### Problem description
Within the lines below, the span from the line with "Question 15. We" to the line with "Mor örgü, çiçek", both ends included, is to be reproduced exactly, with pictures omitted.

### Data shown
[Start of Attachment]

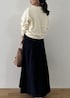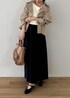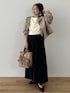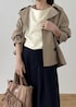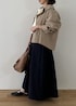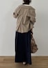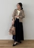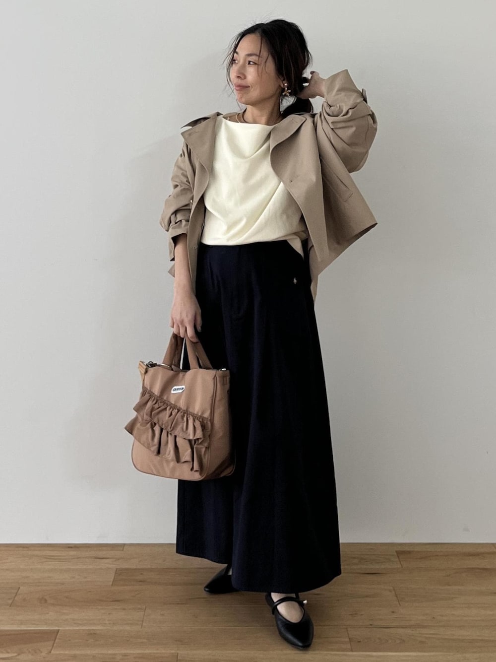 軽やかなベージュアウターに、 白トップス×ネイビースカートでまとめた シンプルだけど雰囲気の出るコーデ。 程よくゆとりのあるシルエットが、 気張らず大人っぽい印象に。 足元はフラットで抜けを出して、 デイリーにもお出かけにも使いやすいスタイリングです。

[End of Attachment]
[Start of Attachment]

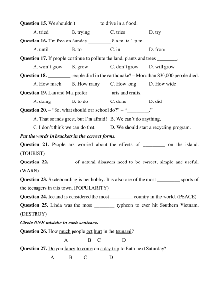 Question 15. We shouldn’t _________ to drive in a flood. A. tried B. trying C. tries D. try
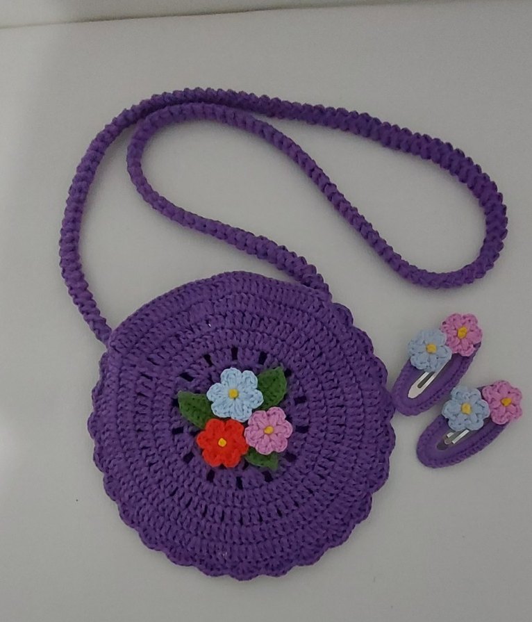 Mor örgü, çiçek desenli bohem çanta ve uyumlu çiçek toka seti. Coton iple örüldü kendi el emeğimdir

[End of Attachment]

### Task result
 Question 15. We shouldn’t _________ to drive in a flood. A. tried B. trying C. tries D. try
 Mor örgü, çiçek desenli bohem çanta ve uyumlu çiçek toka seti. Coton iple örüldü kendi el emeğimdir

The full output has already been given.